-- Task requirements --
Write out exactly the lines from the start of the entries through the one that contains "壁面収納 リビング 薄型", including both.

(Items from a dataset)

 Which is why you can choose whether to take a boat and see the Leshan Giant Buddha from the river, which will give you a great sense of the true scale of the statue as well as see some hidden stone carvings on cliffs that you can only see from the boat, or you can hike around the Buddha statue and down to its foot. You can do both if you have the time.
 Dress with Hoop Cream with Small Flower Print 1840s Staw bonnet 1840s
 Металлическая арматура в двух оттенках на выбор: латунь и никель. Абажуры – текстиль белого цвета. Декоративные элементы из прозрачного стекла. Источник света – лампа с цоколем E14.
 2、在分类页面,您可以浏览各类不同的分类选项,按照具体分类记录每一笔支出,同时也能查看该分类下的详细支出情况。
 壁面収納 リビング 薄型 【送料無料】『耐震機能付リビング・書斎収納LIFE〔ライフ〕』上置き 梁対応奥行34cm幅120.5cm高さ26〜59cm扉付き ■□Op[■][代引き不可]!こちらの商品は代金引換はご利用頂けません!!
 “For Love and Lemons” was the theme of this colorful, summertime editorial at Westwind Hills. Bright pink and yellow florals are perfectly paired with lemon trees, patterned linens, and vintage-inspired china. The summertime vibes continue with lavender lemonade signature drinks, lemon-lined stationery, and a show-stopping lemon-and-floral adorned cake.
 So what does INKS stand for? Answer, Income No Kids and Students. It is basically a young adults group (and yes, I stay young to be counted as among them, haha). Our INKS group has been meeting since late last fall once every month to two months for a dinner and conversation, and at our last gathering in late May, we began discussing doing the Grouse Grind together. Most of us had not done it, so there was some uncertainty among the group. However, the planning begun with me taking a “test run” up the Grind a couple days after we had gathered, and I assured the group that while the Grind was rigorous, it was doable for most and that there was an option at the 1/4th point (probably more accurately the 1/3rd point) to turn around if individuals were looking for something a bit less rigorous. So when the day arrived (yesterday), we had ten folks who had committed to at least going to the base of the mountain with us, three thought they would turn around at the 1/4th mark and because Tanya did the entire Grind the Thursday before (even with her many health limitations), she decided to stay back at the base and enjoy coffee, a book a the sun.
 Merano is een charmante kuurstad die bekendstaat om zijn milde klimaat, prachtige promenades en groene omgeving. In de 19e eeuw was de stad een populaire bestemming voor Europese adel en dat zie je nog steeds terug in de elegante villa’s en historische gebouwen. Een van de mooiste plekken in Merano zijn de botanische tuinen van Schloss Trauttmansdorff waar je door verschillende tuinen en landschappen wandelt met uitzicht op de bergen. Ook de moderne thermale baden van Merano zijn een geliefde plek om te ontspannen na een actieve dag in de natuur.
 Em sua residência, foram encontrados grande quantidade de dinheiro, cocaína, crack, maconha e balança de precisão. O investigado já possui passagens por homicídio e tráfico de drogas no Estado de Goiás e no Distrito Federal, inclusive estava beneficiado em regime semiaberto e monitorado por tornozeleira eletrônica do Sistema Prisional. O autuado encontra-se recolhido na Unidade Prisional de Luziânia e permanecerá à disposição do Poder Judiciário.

-- Result of the exercise --
 Which is why you can choose whether to take a boat and see the Leshan Giant Buddha from the river, which will give you a great sense of the true scale of the statue as well as see some hidden stone carvings on cliffs that you can only see from the boat, or you can hike around the Buddha statue and down to its foot. You can do both if you have the time.
 Dress with Hoop Cream with Small Flower Print 1840s Staw bonnet 1840s
 Металлическая арматура в двух оттенках на выбор: латунь и никель. Абажуры – текстиль белого цвета. Декоративные элементы из прозрачного стекла. Источник света – лампа с цоколем E14.
 2、在分类页面,您可以浏览各类不同的分类选项,按照具体分类记录每一笔支出,同时也能查看该分类下的详细支出情况。
 壁面収納 リビング 薄型 【送料無料】『耐震機能付リビング・書斎収納LIFE〔ライフ〕』上置き 梁対応奥行34cm幅120.5cm高さ26〜59cm扉付き ■□Op[■][代引き不可]!こちらの商品は代金引換はご利用頂けません!!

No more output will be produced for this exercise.